Start of Raw data

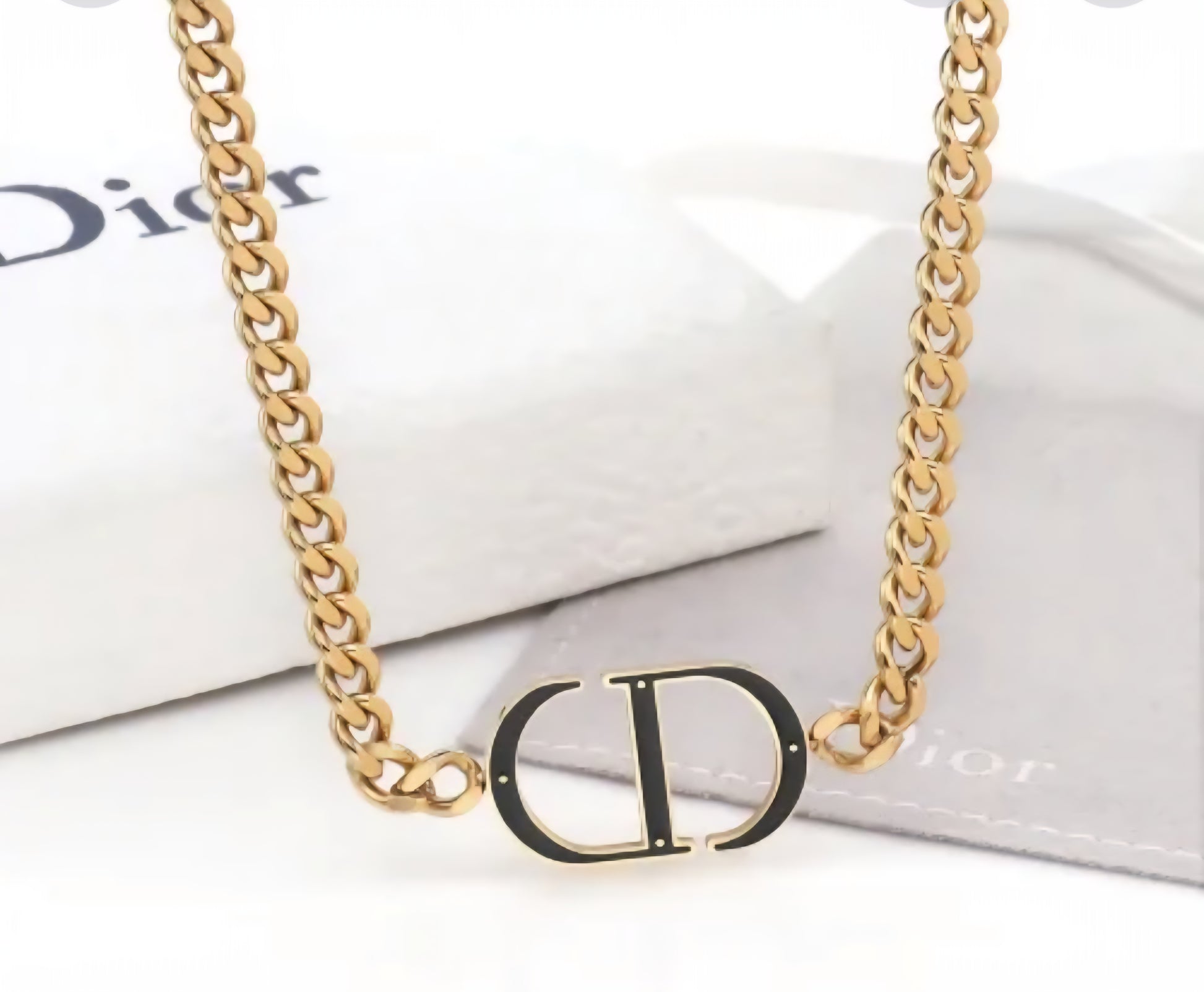 Christian Dior inspired stainless steel gold plated cuban necklace
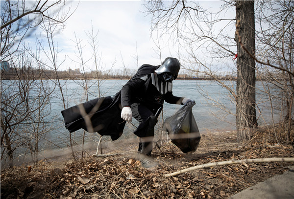 在俄羅斯伊爾庫茨克舉行的紀念第一次載人航天飛行60周年活動上,一名志願者裝扮成《星球大戰》中的達斯•維達在撿垃圾。
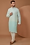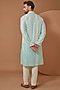 Featuring a sky blue ombre kurta in silk base with mirror embroidery. Style it with pants and mojaris for a festive occasion, wedding or sangeet ceremony.
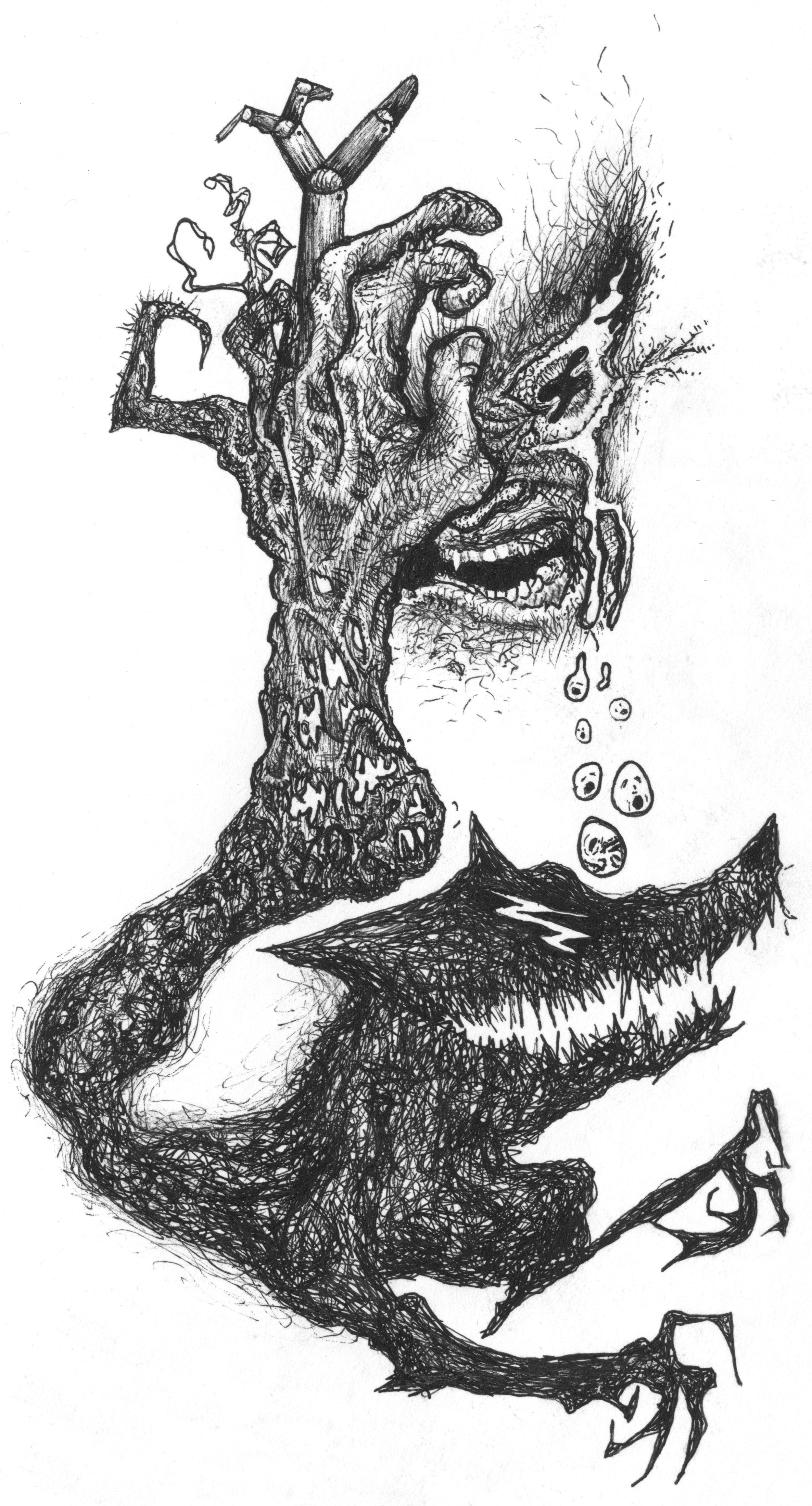 Struggler (Tribute to Kentaro Miura), ink on paper, 2021

End of Raw data

**Aim of the exercise**.
Copy nothing but the lines from the top of the data down to the line containing "在俄羅斯伊爾庫茨克舉行的紀念", and leave the pictures out.

**Exercise response**.
 Christian Dior inspired stainless steel gold plated cuban necklace
 在俄羅斯伊爾庫茨克舉行的紀念第一次載人航天飛行60周年活動上,一名志願者裝扮成《星球大戰》中的達斯•維達在撿垃圾。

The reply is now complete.